Leider spielt das Leben nicht immer so wie in diesem Bericht der Gehaltsverhandlung eines Kunden, und es gibt genügend Beispiele dauerhaft verfahrener Gesprächssituationen. Aus Schlagfertigkeitssicht lohnt es sich dennoch zu fragen: Was sind die gegenseitigen Interessen? Und können vielleicht die Wünsche beider Seiten erfüllt werden? Sich auf die jeweiligen Interessen zu konzentrieren fördert meist auch das gegenseitige (richtige) Zuhören und sorgt für mehr Verständnis.

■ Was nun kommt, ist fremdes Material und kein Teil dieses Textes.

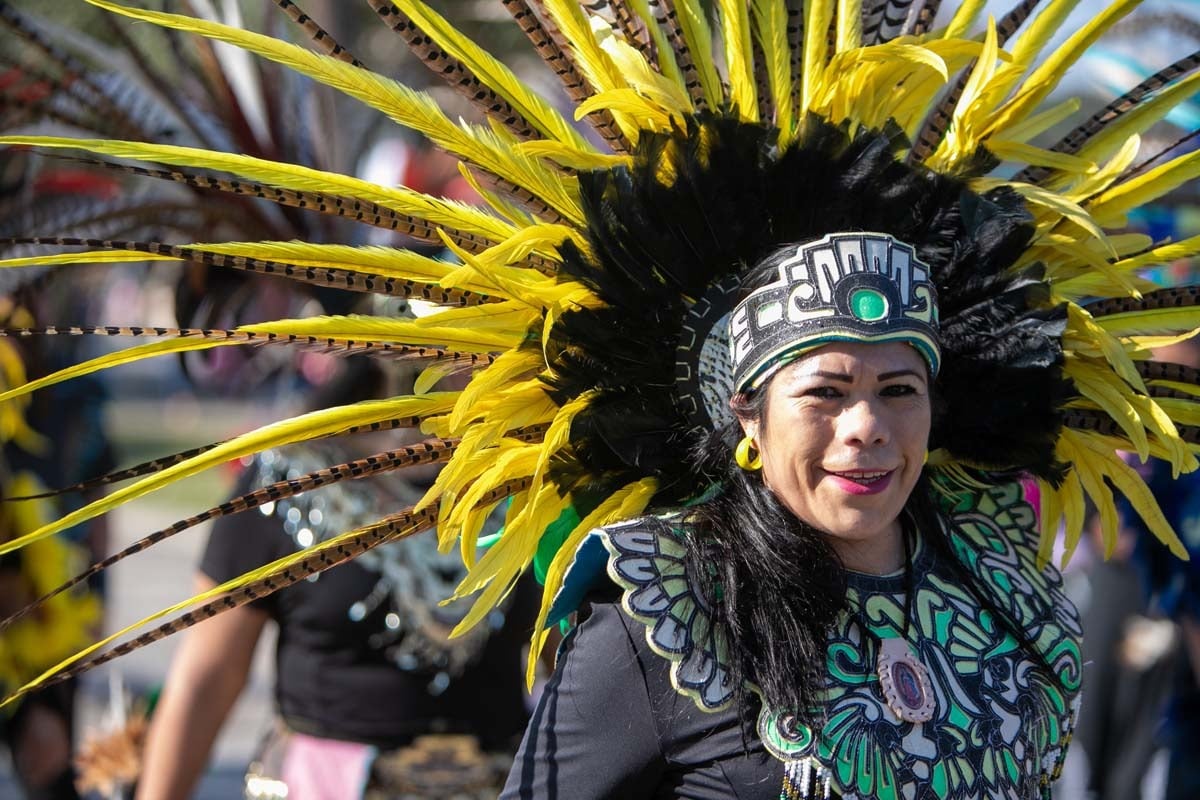 Una mujer vestida como bailarina tradicional azteca se presenta durante la procesión de Nuestra Señora de Guadalupe 2019 en Houston. El evento regresa el 5 de diciembre. (Foto por James Ramos/Herald)HOUSTON — Al igual que los eventos en muchas Iglesias se están reanudando ya que los fieles han recibido la vacuna del COVID-19, los preparativos para las festividades de Nuestra Señora de Guadalupe están comenzando con entusiastas organizadores y danzantes Aztecas que ensayan para la celebración el 5 de diciembre.

Nicht »die uneinsichtige und sture Chefin gibt keine Gehaltserhöhung«, sondern sie hat eine klare Vorgabe und ihr Interesse liegt darin, dieser zu folgen und trotzdem einen guten sowie möglichst zufriedenen Mitarbeiter zu halten. Beides hat sie durch die veränderte Vorgangsweise meines Kunden geschafft. Ein positiver Nebeneffekt: Es kam zu keinen persönlichen Angriffen, sondern im Gegenteil, das gegenseitige Vertrauen wurde sogar gestärkt.
Wenn ich mir keine Gesprächsziele überlege, kann es dazu führen, dass wichtige Bereiche überhaupt nicht angesprochen und damit »endlos« aufgeschoben werden. Oder es fehlt mir schlichtweg der Mut dazu, unangenehme Wahrheiten auszusprechen, um die Situation zu lösen oder zumindest zu verbessern. Das Nichtansprechen von heiklen Themen ist ein ausgezeichneter Nährboden für schwierige Gesprächssituationen, in denen unsere Schlagfertigkeit gefordert ist. Das Motto »Nur nicht ansprechen, das wird sich schon von selber lösen« ist eine gefährliche Falle, denn irgendwann wird die Ursache für die Untergriffe so weit zurückliegen – oder überhaupt nicht mehr erkannt –, dass eine Aussprache immer schwieriger wird.
Der Elefant im Raum
Während der Coronakrise im Jahr 2020 drehte die österreichische Bundesregierung gemeinsam mit dem Roten Kreuz einen Werbespot mit der Empfehlung, einen Abstand in »der Größe eines Babyelefanten« zu halten.2 Im Englischen gibt es ein weiteres Sprachbild mit dem besagten Tier: »the elephant in the room.« Diese Metapher vom »Elefanten im Raum« hat auch im deutschen Sprachraum Einzug gehalten. Es bezeichnet die Situation, dass ein völlig offensichtliches Problem im Raum steht, es aber trotzdem von niemandem angesprochen wird.